The Wu-Tang Clan’s Inspectah Deck, along with fabled Bostonians 7L & Esoteric, stumbled upon a time machine, and instead of busting a cap in Hitler, hooking up with Marilyn Monroe, or, investing stock in Apple, they chose to return to the 1-9-9-9. And their warped, sample-heavy captain’s log has taken on the form of CZARFACE.

As Deck―whose very mention pulls our minds back to days of yore―states, “CZARFACE is a vigilante, anti-hero...[whose] focus is on annihilating the media darlings that the mainstream caters to.” We slowly meet ‘FACE by the sounds that not only defined the era to which Deck, Esoteric, and 7L harken to, but that come to define this 14-track time warp.

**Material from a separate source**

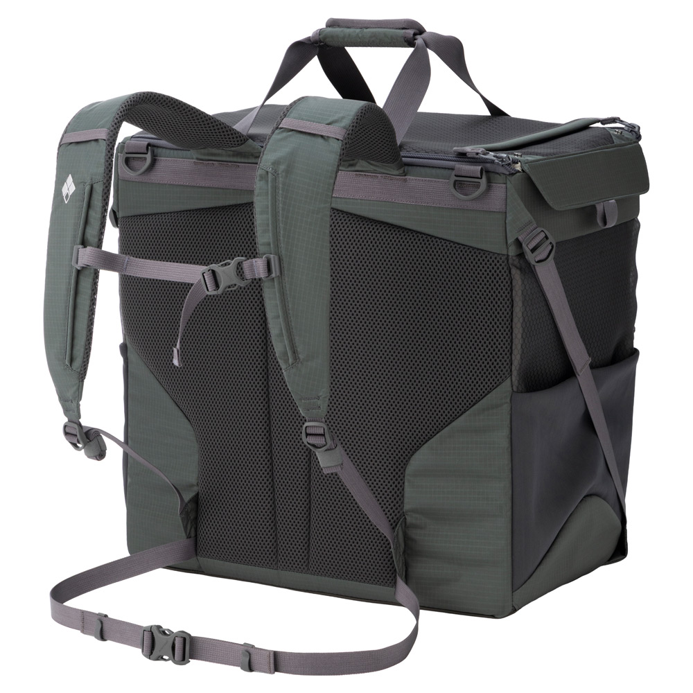 愛犬との旅行やハイキングに適したバックパックです。「背負う」「体の前で抱える」の2通りの使い方ができます。肩に掛けて使用する場合は別売のコンフォートショルダーストラップ(品番#1133193、#1133194)をご使用ください。底部に剛性の高いプレートを入れることで、安定性を高めています。犬を日差しから守るサンシェイドが付属。約9kgまでの犬に対応します。

In one minute and 16 seconds, the length of the album’s intro, we see CZARFACE rise from the collective ashes of ‘99 to breathe life into what we thought could only live on in memory. But by the time you’ve reached the boom-bapping on roids that is “Hazmat Rap,” you’ll be going through nostalgia withdrawals.

Mention of the ‘90s, hip-hop’s supposed last golden era, might make some queeze, and for good reason. Hip-hop purists have long sucked on the decade like a warm thumb, afraid of the cold, mean world that lay ahead. But CZARFACE, also the name for Deck and co.’s group, keeps matters as fresh. The album’s marquee—with names like Roc Marciano, Action Bronson, and Mr. MFN eXquire—assures just that. “Cement 3’s,” “It’s Raw,” and “Poisonous Thoughts”―listed in the order of appearance of the guests mentioned―come off as love letters rather than industry rub-offs. If the above trio were operating in the late ‘90s, they’d be dropping similar heat.

Throughout, 7L can only be described as a “Rock Beast,” as he brings a consistency and ferociousness to the CZARFACE sound that comes off best in the track of the same name. It’s not often that another producer beats DJ Premier at his own game, but everything 7L brings to the table trumps the bland sound of Primo’s guest spot “Let It Off.” Whether paired with rooks like eXquire or dropping skewered brilliance on tracks like “CZAR Refaeli,” “Savagely Attack,” and “Shoguns” alongside vets like Oh No, Ghostface, Cappadonna, and Vinnie Paz, 7L plays Han Solo to the ship that is CZARFACE. And it surely doesn’t hurt that he has two very capable wingmen, in Deck and Esoteric, on either side of him.